Personal information
- Full name: David Robert Speedie
- Date of birth: 20 February 1960 (age 65)
- Place of birth: Glenrothes, Scotland
- Height: 5 ft 7 in (1.70 m)
- Position(s): Striker

Youth career
- 19??–1978: Brodsworth Welfare

Senior career*
- Years: Team / Apps / (Gls)
- 1978–1980: Barnsley / 23 / (0)
- 1980–1982: Darlington / 88 / (21)
- 1982–1987: Chelsea / 162 / (47)
- 1987–1991: Coventry City / 122 / (31)
- 1991: Liverpool / 12 / (6)
- 1991–1992: Blackburn Rovers / 36 / (23)
- 1992–1993: Southampton / 11 / (0)
- 1992: → Birmingham City (loan) / 10 / (2)
- 1992: → West Bromwich Albion (loan) / 7 / (2)
- 1993: → West Ham United (loan) / 11 / (4)
- 1993–1994: Leicester City / 37 / (12)
- 1994–1995: Crawley Town
- 1995–1996: Atherstone United
- 1996–1997: Hendon / 5 / (0)
- 1997–1999: Stamford
- 1999–2000: Harrow Borough
- 2000–2001: Crook Town
- 2001–200?: Darlington Railway Athletic
- 200?–2007: Rainworth Miners Welfare
- Total:  / 524 / (148)

International career
- 1985–1989: Scotland / 10 / (0)

= David Speedie =

Scottish footballer

David Robert Speedie (born 20 February 1960) is a Scottish former footballer who played for several clubs in England during the 1980s and 1990s, most notably Chelsea, Coventry City, Liverpool and Blackburn Rovers. He accumulated more than 500 football league appearances and scored almost 150 goals in a 14-year professional career. He also earned ten international caps for Scotland.

==Playing career==
===Early career===
Born in Glenrothes, Scotland but raised in Yorkshire, Speedie worked as a coalminer, playing for Brodsworth Welfare, before signing professional terms with Barnsley in 1978. Without having scored a single goal for Barnsley in 21 appearances, he moved to Darlington in 1980, where his talent first became apparent. Just two years later, he was spotted by then-Chelsea manager John Neal, who signed him for £80,000 in May 1982.

===Chelsea===
Speedie had a five-year stint at Chelsea where he formed a prolific strike partnership with Kerry Dixon. Speedie's strength, scoring prowess, work-rate and unlikely heading ability (he is 5 ft 7 in tall) perfectly complemented both Dixon and winger Pat Nevin as the trio notched up over 200 goals between them in three years. Before the arrival of Nevin and Dixon, however, Speedie had played an important part in Chelsea's survival in the Second Division a year earlier, with his seven goals (including two on his debut against Oldham Athletic) that season proving crucial. Speedie was the Chelsea Player of the Year 1985 and popular with the fans for his consistent gutsy performances.

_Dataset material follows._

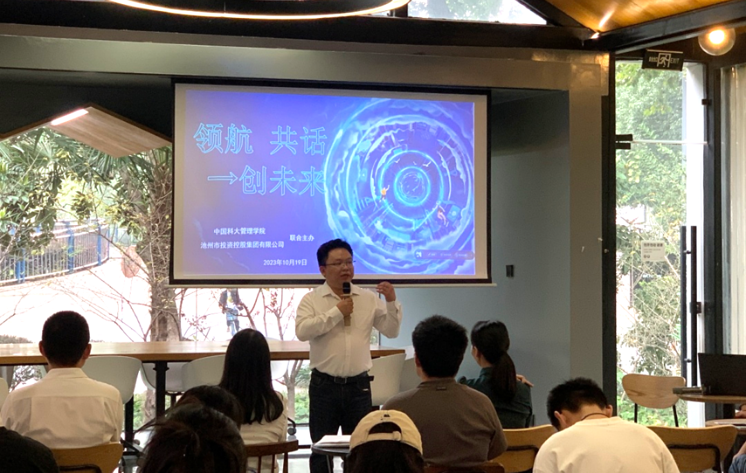 中國(guó)科大管理學(xué)院黨委副書記曾皓,池州市投資控股集團(tuán)黨委副書記、董事、工會(huì)主席嚴(yán)艷,中國(guó)科大博士學(xué)長(zhǎng)、池州新興產(chǎn)投集團(tuán)黨委書記、董事長(zhǎng)、總經(jīng)理周嶠,中國(guó)科大管理學(xué)院50多名學(xué)生參加了會(huì)議。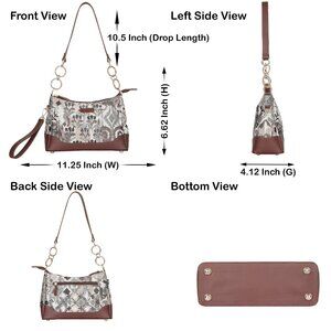 Compact Yet Functional Tote: Weighing just 430g and measuring 11.25" x 4.12" x 6.62", it’s a versatile option as a women's tote bag, shoulder purse, or small satchel for daily use and special occasions.

In 1986, he became the first senior player since Geoff Hurst in the 1966 World Cup final to score a hat-trick at Wembley, as Chelsea defeated Manchester City 5–4 in the Full Members Cup final, after Chelsea had led 5–1. That year Chelsea finished sixth in the league, having been in the hunt for the league title for most of the season before a late slump in form ruled them out of contention in the final weeks.

Speedie left Chelsea in 1987 with three years left on his contract due to disagreements with the hierarchy.

===Coventry City===
Having scored 64 goals in 205 appearances for the West London side, Speedie joined Coventry City for £750,000 in July 1987 following a disagreement with Chelsea manager John Hollins. His first appearance was in the 1987 FA Charity Shield against Everton where he narrowly missed out on scoring on his debut. This statistic would be rectified just a week later however when in an effective replay of the 1987 Cup Final at Highfield Road Speedie scored with a fine low shot past Ray Clemence to set up a 2–1 win over Spurs. Whilst Coventry were hampered in their post Cup final season by a disintegrating pitch, Speedie earned the notable distinction of scoring a hat-trick whilst finishing on the losing side in a 3–4 defeat against Middlesbrough.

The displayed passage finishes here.